** Opening Records shown block **

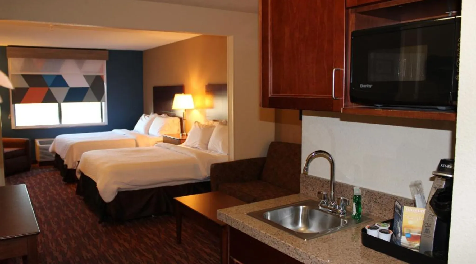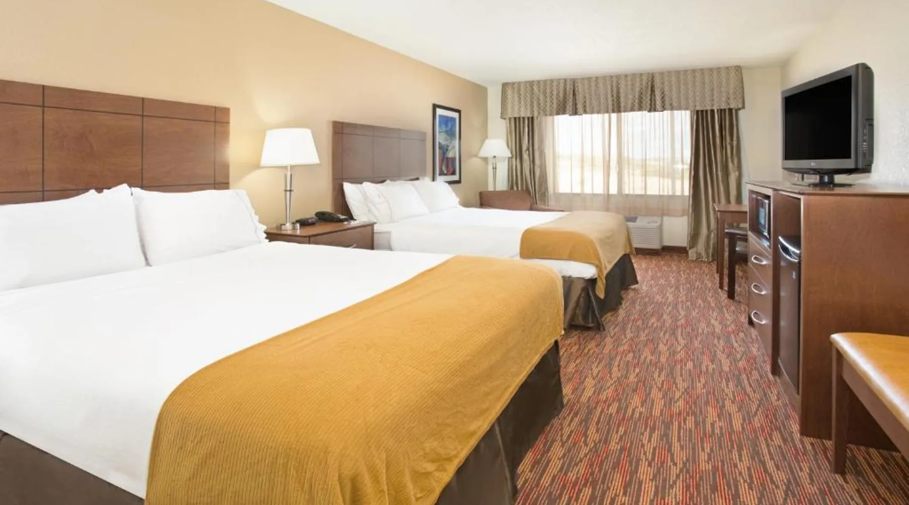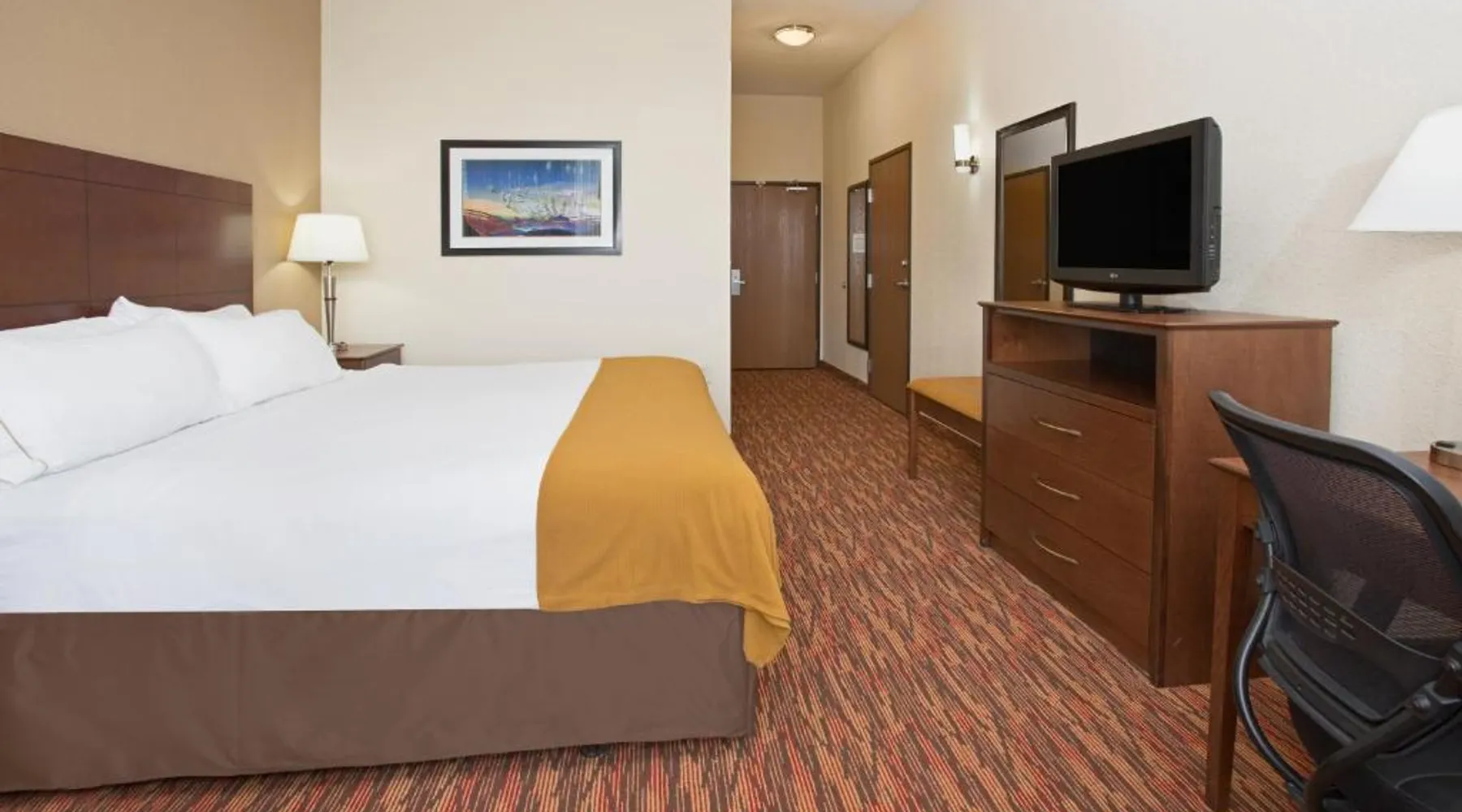 Comfortable Accommodations: Holiday Inn Express & Suites Truth Or Consequences by IHG in Truth or Consequences offers family rooms with air-conditioning, private bathrooms, and free WiFi. Each room includes a work desk, seating area, and TV. Leisure Facilities: Guests can enjoy a fitness center, indoor swimming pool, and hot tub. Additional amenities include a lounge, fitness room, and 24-hour front desk. Free on-site private parking is available. Dining Options: A buffet breakfast with American and vegetarian options is served daily. Breakfast includes warm dishes, fresh pastries, pancakes, fruits, and juice. Location and Services: Located 92 mi from Grant County Airport, the hotel provides a business area, daily housekeeping, and a minimarket. Highly rated for breakfast, room cleanliness, and comfort. The spacious double room has a private bathroom, air conditioning, a tea and coffee maker, as well as a seating area with a flat-screen TV. This double room features a carpeted floor, heating and a TV with cable channels. The unit has 1 bed.
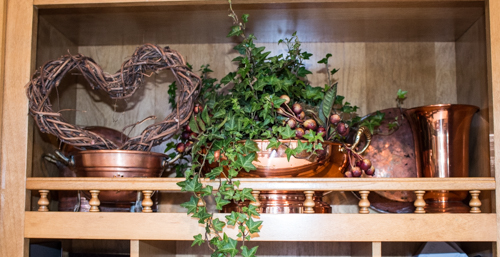 When I scored this small grapevine wreath at the thrift store….I knew it would be a perfect minimalist addition to the copper collection over the kitchen desk.
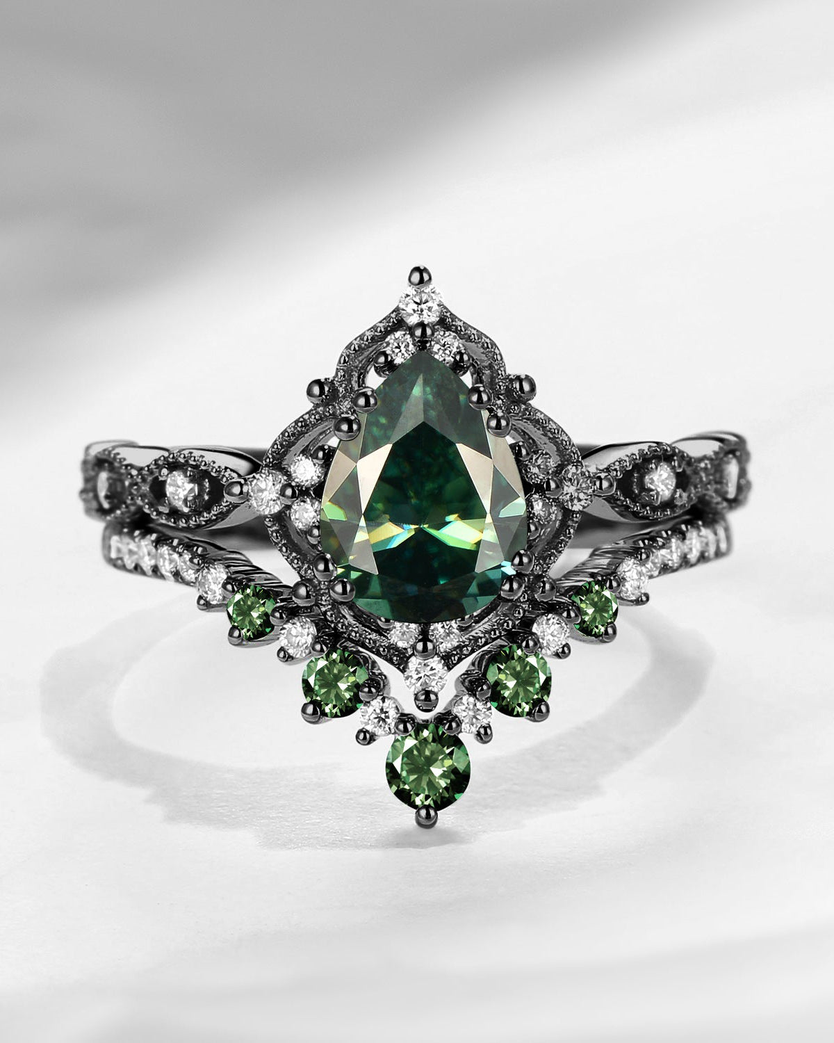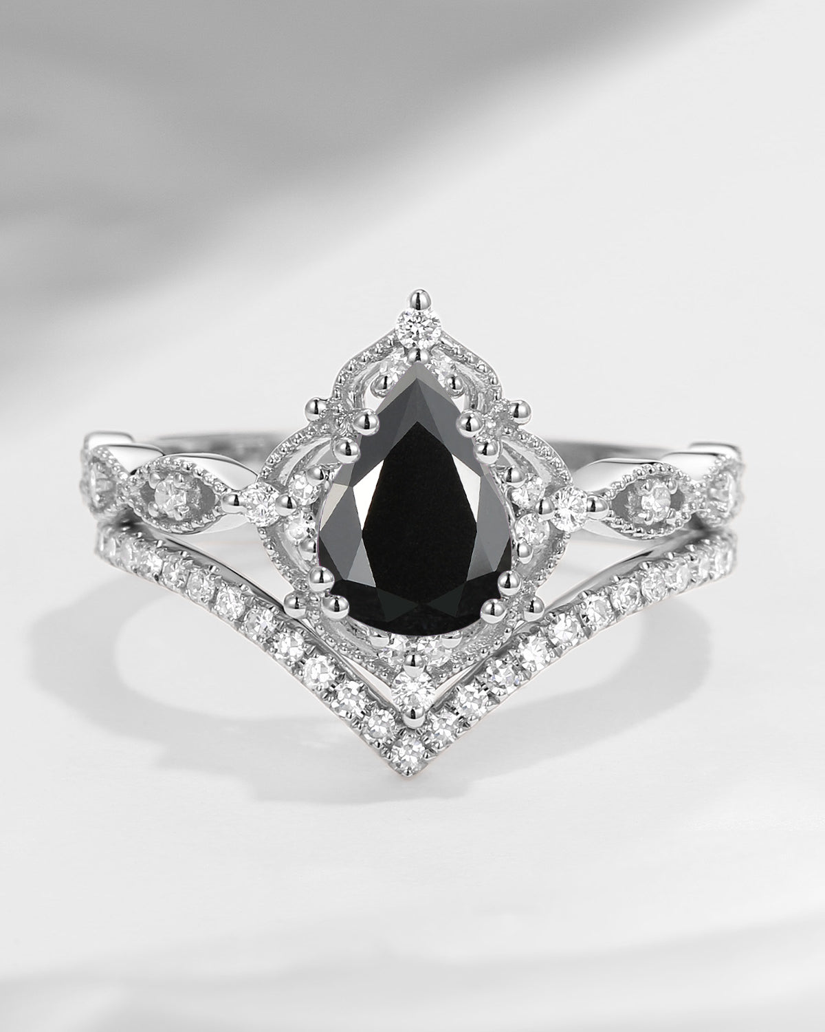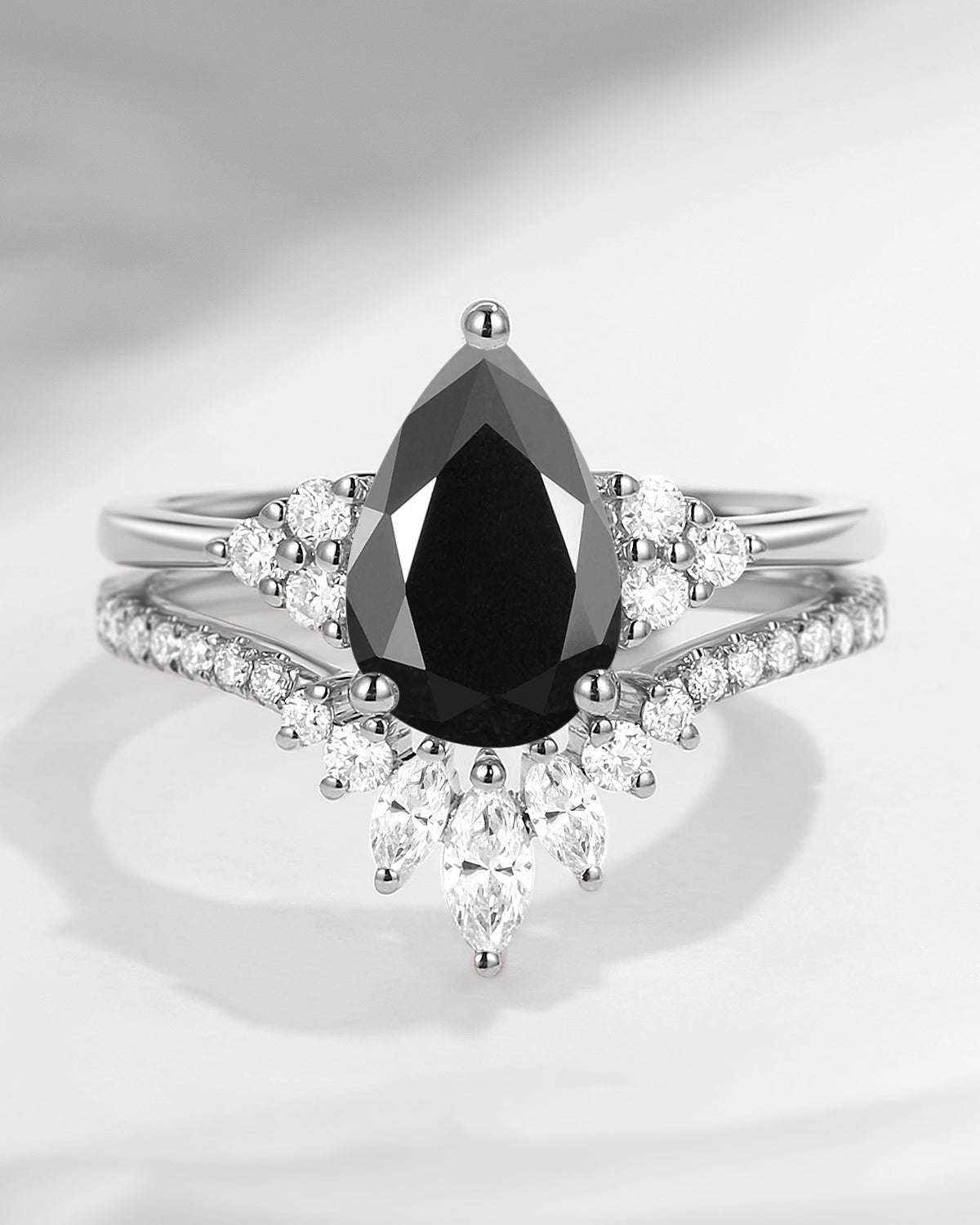 Pear Shaped Black Moissanite Engagement Ring Set 2pcs - Evelyn
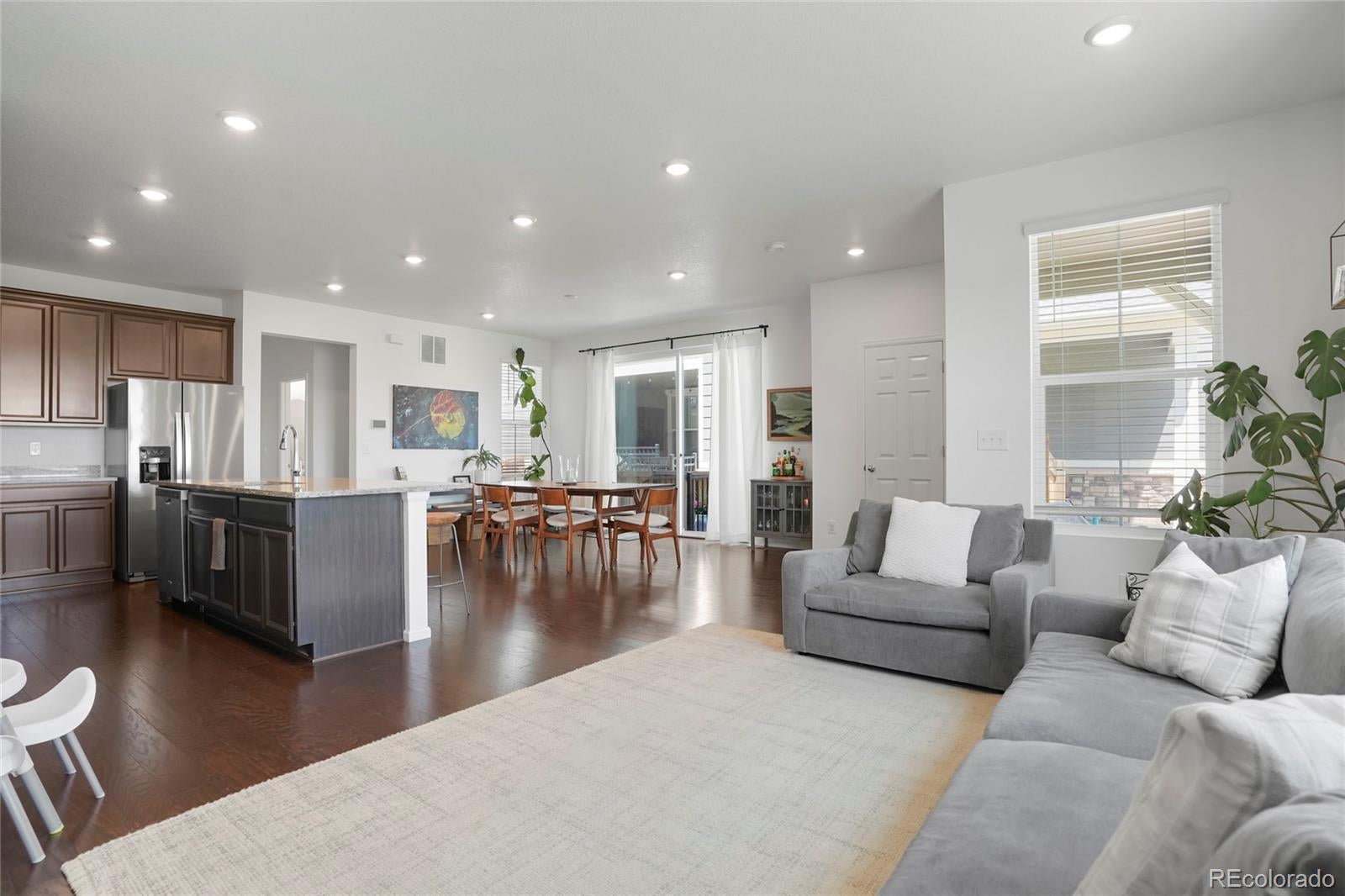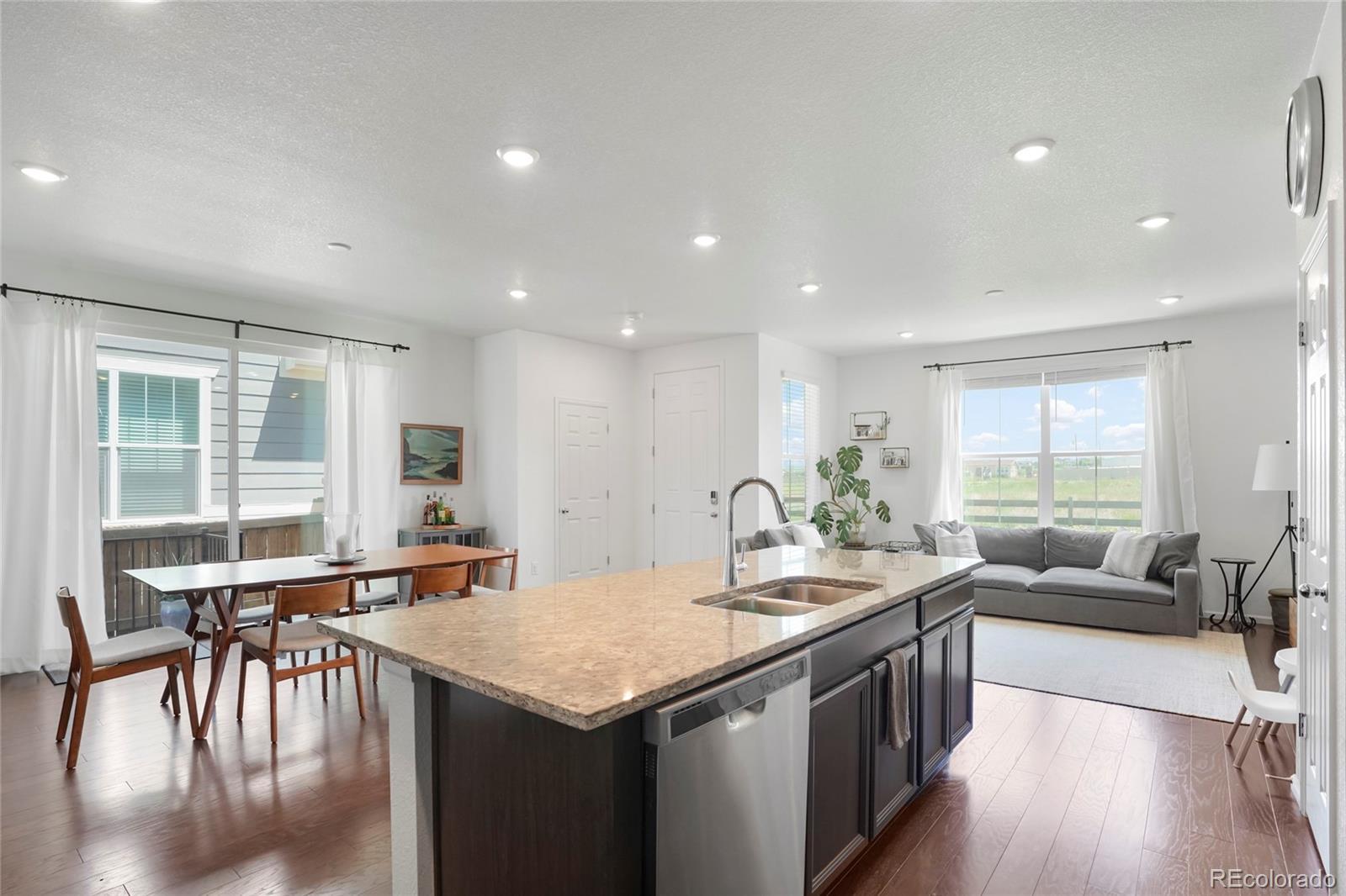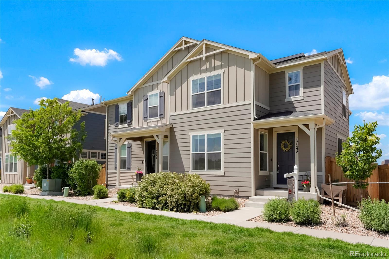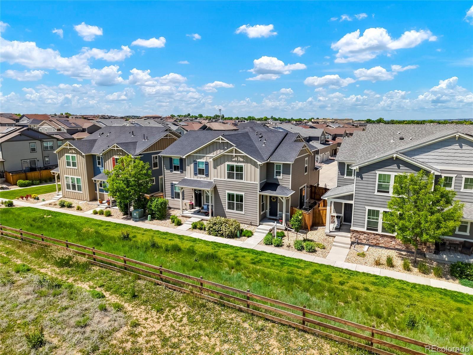 Welcome to this well-maintained 3-bedroom, 3-bathroom paired home located in a desirable Parker neighborhood. This residence offers an open-concept floor plan with tall ceilings, high-end laminate flooring, and expansive windows that bring in abundant natural light and offer scenic views of adjacent open space. The kitchen is equipped with stainless steel appliances, quartz countertops, a large center island with bar seating, a 5-burner gas range, ample wood cabinetry, and a walk-in pantry. Adjacent to the kitchen, the dining area provides access to the fenced backyard through sliding glass doors. The main floor includes a powder bath featuring a modern vessel sink vanity. Upstairs, the home offers three spacious bedrooms, a versatile loft space with a storage closet, and a conveniently located laundry room with built-in shelving. The primary suite includes an ensuite bath and a custom walk-in closet with organizers. The unfinished basement provides additional space for storage or future expansion. The attached two-car garage includes a LiftMaster smart garage door opener. Located on a quiet street at the end of the row, the home also benefits from additional guest parking. Close to Old Town Parker, shopping, dining, parks, and commuter routes.
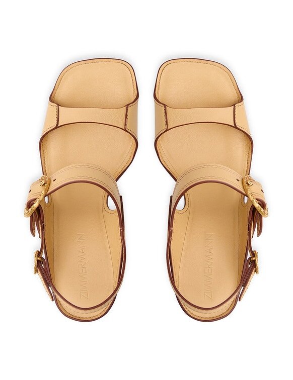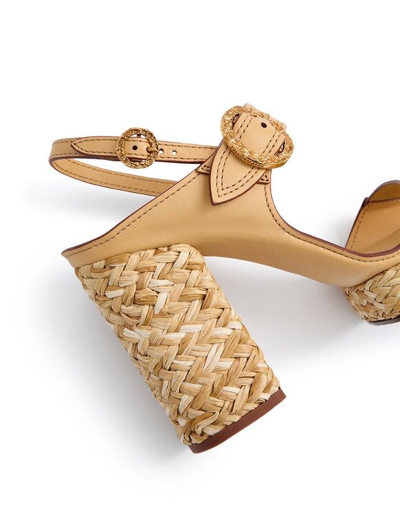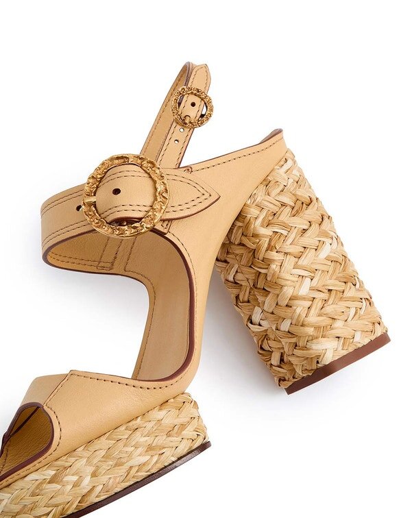The Solena Platform 105 in Clay from Our Summer Swim 2026 Collection. A Leather Platform Heel Featuring a 105Mm Block Heel and Gold Hardware Buckle.
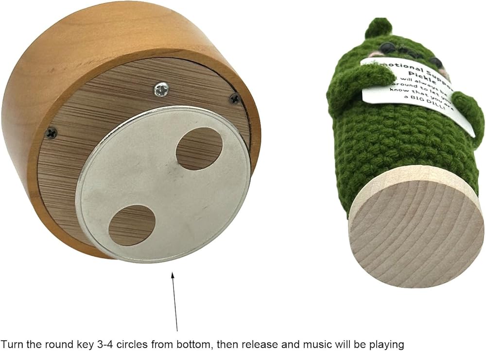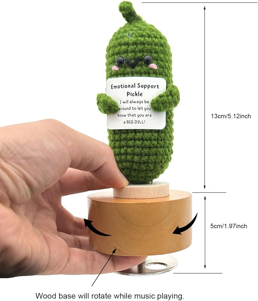 [مادة قوية] - صندوق الموسيقى مصنوع من قاعدة من خشب الحور الطبيعي عالي الجودة مع طلاء أصفر وحركة Yunsheng المعدنية بالداخل؛ مخلل الدعم العاطفي المضحك مصنوع من الصوف الناعم المحبوك ومحشو بالقطن من الداخل.

** Closing Records shown block **

## Try it
Your output should be the lines from the one with "The Solena Platform" through the end of the listing, copied exactly and with the pictures left out.

## Reply to the exercise
The Solena Platform 105 in Clay from Our Summer Swim 2026 Collection. A Leather Platform Heel Featuring a 105Mm Block Heel and Gold Hardware Buckle.
 [مادة قوية] - صندوق الموسيقى مصنوع من قاعدة من خشب الحور الطبيعي عالي الجودة مع طلاء أصفر وحركة Yunsheng المعدنية بالداخل؛ مخلل الدعم العاطفي المضحك مصنوع من الصوف الناعم المحبوك ومحشو بالقطن من الداخل.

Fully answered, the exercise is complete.